Visitors to Hampton Court Palace will be transported back to 1906 from Saturday as the palace community prepares for Christmas. Christmas Present, Christmas Past features a range of activities from carol singing around the tree to telling ghost stories (and looking at the traditions behind them) as well as live culinary demonstrations in the kitchens showing the evolution of Christmas dinner as we know it today. Meanwhile, the Hampton Court Palace Festive Fayre returns next weekend (7th to 9th December) with more than 90 stalls set up in the palace courtyards selling mince pies, mulled wine and a host of other festive treats. And the palace’s ice-skating rink has returned to the Tudor West Front (and will be there until 6th January). Admission charges apply. For more, see www.hrpfoodfestivals.com.

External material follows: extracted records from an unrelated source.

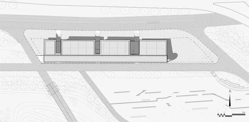 驿站一位于桂湾公园露天剧场一侧,公园规划此处露天剧场将成为周边企业展示,居民聚会的场所。建筑布局在此,意图提供剧场未来需要的服务配套支撑,功能为洗手间及封闭演练/展览空间。方案通过增加面向舞台的挑檐灰空间,将建筑嵌入剧场地景,成为景观剧场的最后一排。
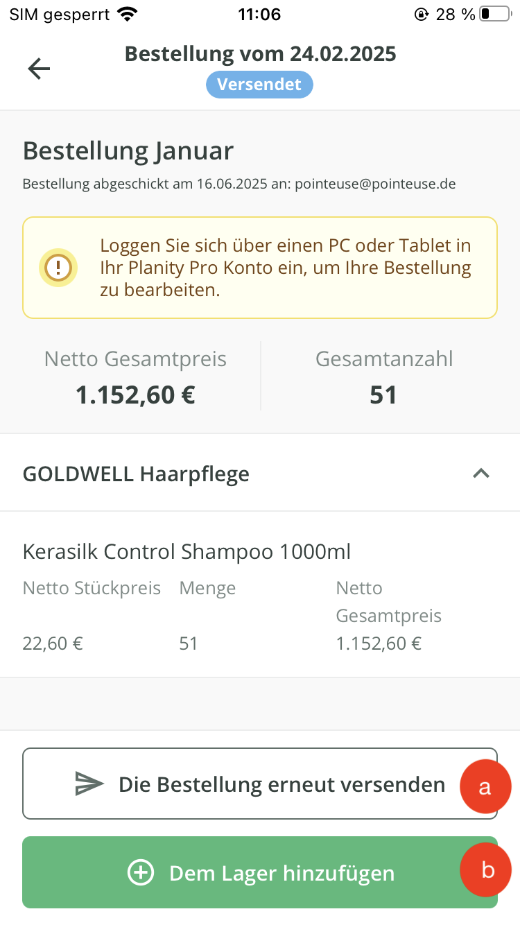 - Die Bestellung erneut an Ihren Lieferanten senden
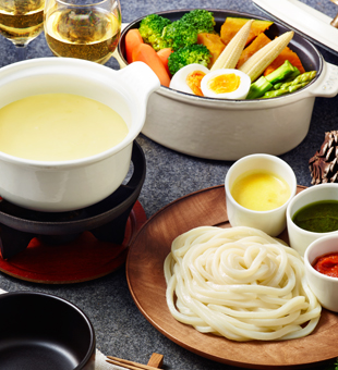 冬にうれしい、あったかチーズフォンデュうどん。カラフルなソースを添えれば、いろいろな味わいで楽しむことができます。
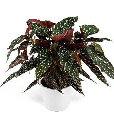 Begonia Spotlight Green is a well-branching dotted Begonia maculata variety. It is also called Polka Dot Begonia because of its color and polka dot pattern, making it a hip plant for young and old. It fits nicely in both bigger and smaller spaces.
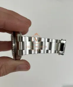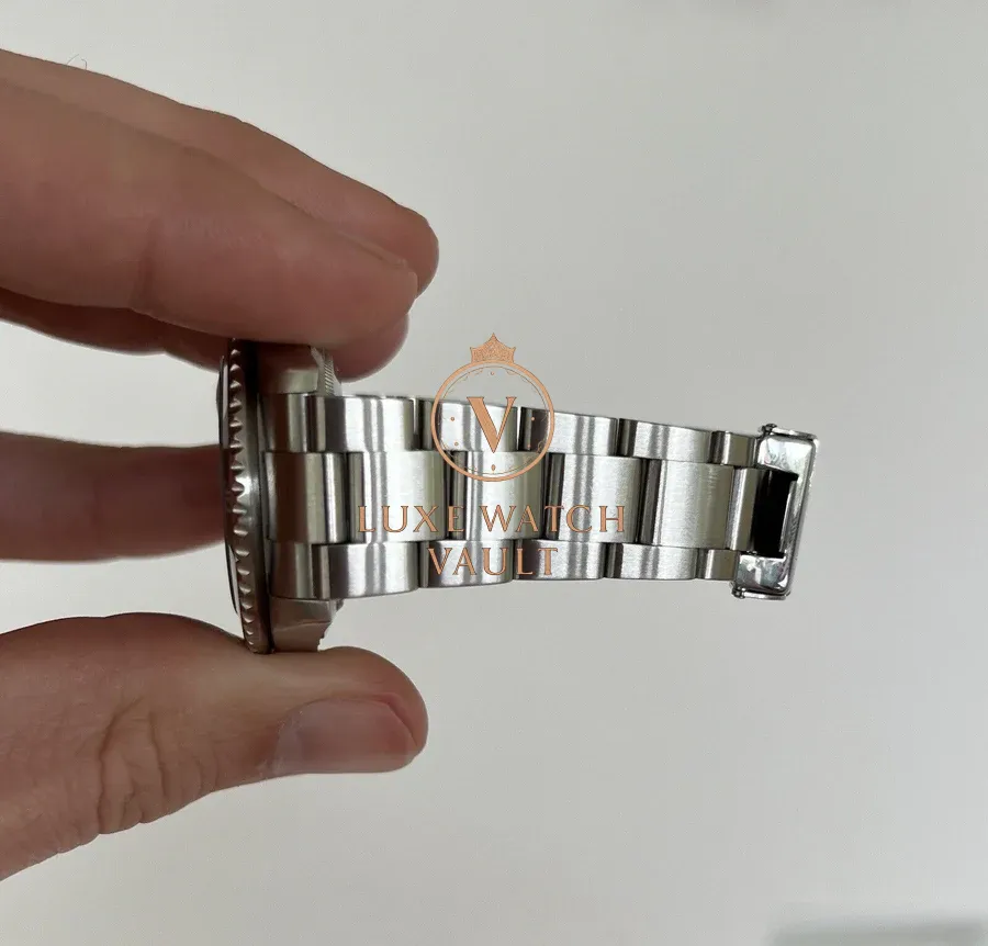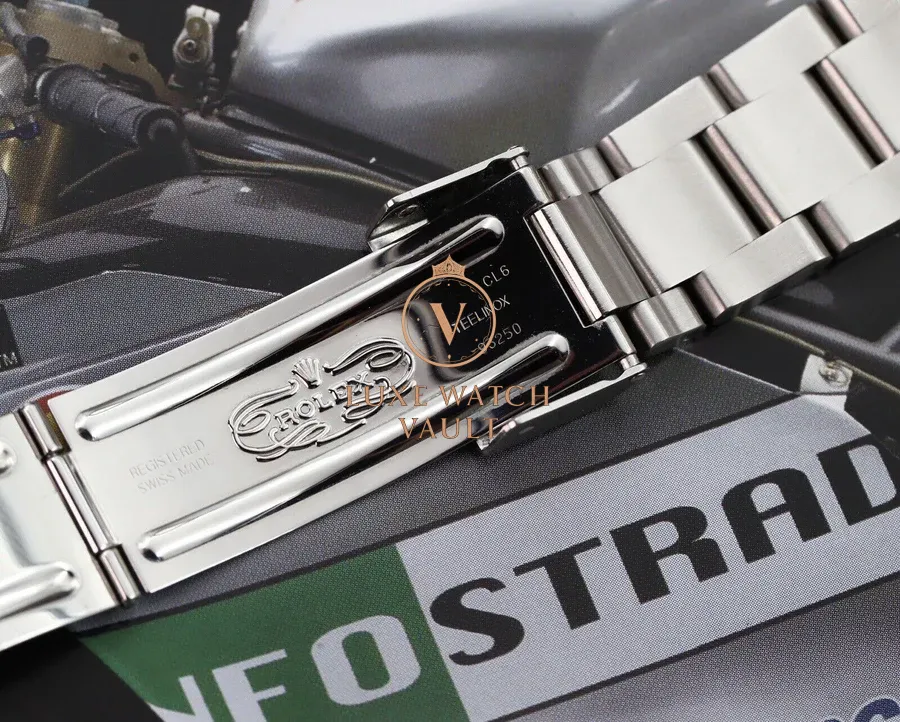 Bracelet is a Rolex 93250 with 10 links, plus 1 spare and will fit roughly an 8in wrist with all links fitted. Solid endlinks (SEL). Date code is CL6, so correct for the year of manufacture of the watch. Shows very light stretch, and a couple of small desk diving marks.
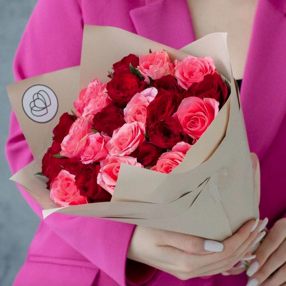 Букет из 25 красных и коралловых роз (Кения) 40 см в кремовой пленке
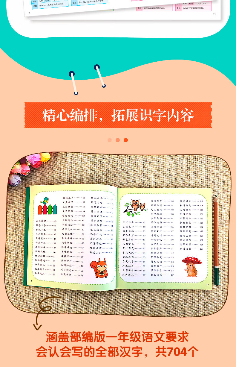 全书共704个汉字,涵盖部编版一年级语文要求会认、会写的全部汉字。
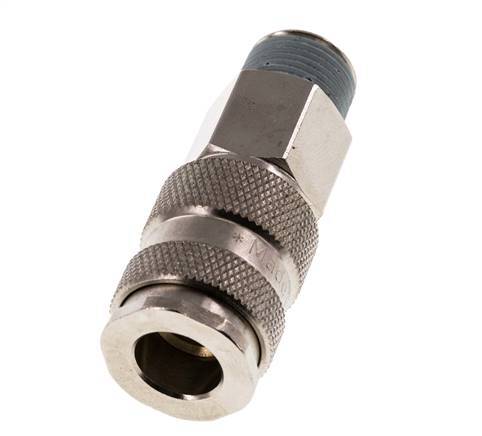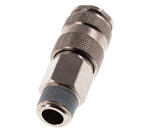 Luftkupplungsmuffe aus gehärtetem Stahl DN 7,8 mit R 3/8 Zoll Außengewinde. Der Betriebsdruckbereich reicht von -0,95 (vakuumtauglich) bis 35 bar. Die Steckdose ist für Temperaturen zwischen 20 und 100°C geeignet. Die Durchflussmenge beträgt 1850 l/min. Das Dichtungsmaterial ist NBR (Nitrilkautschuk).
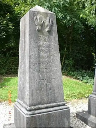 - Daaronder in het Nederlands: Den onvergetelyken echtgenoot en vader Jacob Caan overleden in het 63 levensjaar den 3 kislew 5643 14 november 1882.
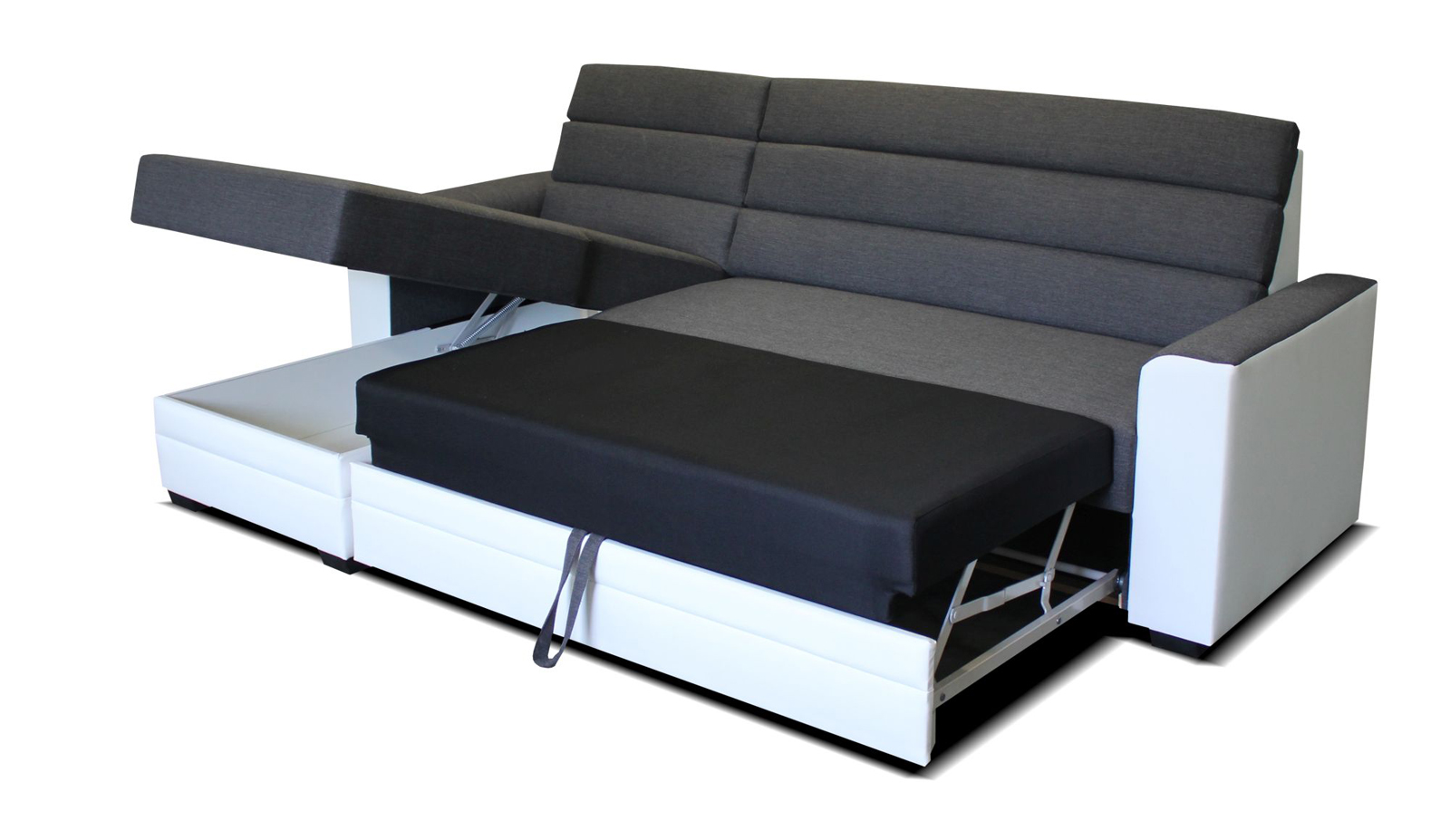 Obývacím izbám dodáte moderný vzhľad veľmi jednoducho prostredníctvom tejto rohovej sedačky. Operadlová časť má vodorovné ozdobné línie. Opierky rúk sú štýlovo zaoblené a dotvárajú príťažlivý dizajn sedačky. Sedačka je potiahnutá koženkou a látkou. Pre získanie plochy na spanie je možné sedačku rozložiť. Taktiež v sebe ukrýva praktický úložný priestor, do ktorého pohodlne odložíte posteľnú bielizeň. Sedačka je univerzálna.

Sir Edwin Landseer’s dramatic work – The Monarch of the Glen – is at the centre of a new exhibition celebrating the connections between the 19th century artist and the National Gallery. “Coming home” to the Trafalgar Square-based institution for the first time in more than 160 years, the painting – arguably the most famous animal painting in the world – is one of 14 works included in a new free show opening today. Among paintings created to decorate the Palace of Westminster after fire devastated the building in 1834, Landseer’s (1802-1873) work was first exhibited at the Royal Academy in 1851, then housed in what is now the National Gallery building. It’s now on loan from the National Galleries of Scotland, which acquired the work in 2017. This is the first London showing since 1983. Other works in the display include Landseer’s Ecorche drawing of a dog’s leg (1821), as well as paintings and drawings connected with the famous lions Landseer designed for Trafalgar Square including a John Ballantyne portrait of the artist modelling the lions in his studio and a work by Queen Victoria, whom Landseer tutored in etching, entitled A pencil drawing of a stag after Landseer’s mural on the Dining Room wall at Ardverikie Shooting-lodge (1847). Can be seen in Room 1 until 3rd February. For more, see www.nationalgallery.org.uk. PICTURE: Edwin Landseer, ‘The Monarch of the Glen’ (about 1851), © National Galleries of Scotland

More than 40 paintings created during the final year of World War I by artist Alfred Munnings (1878-1959) go on show at the National Army Museum in Chelsea tomorrow. Alfred Munnings: War Artist, 1918 shows his mastery of equine subjects as well as portraiture and landscapes. Munnings was commissioned by the Canadian War Memorials Fund as an official war artist to capture the fighting front and logistics behind the scenes and in early 1918 was embedded with the Canadian Expeditionary Force. The exhibition has been developed by the Canadian War Museum in partnership with The Munnings Art Museum and is supported but The Beaverbrook Canadian Foundation. Can be seen until 3rd March. Admission charge applies. For more, see www.nam.ac.uk.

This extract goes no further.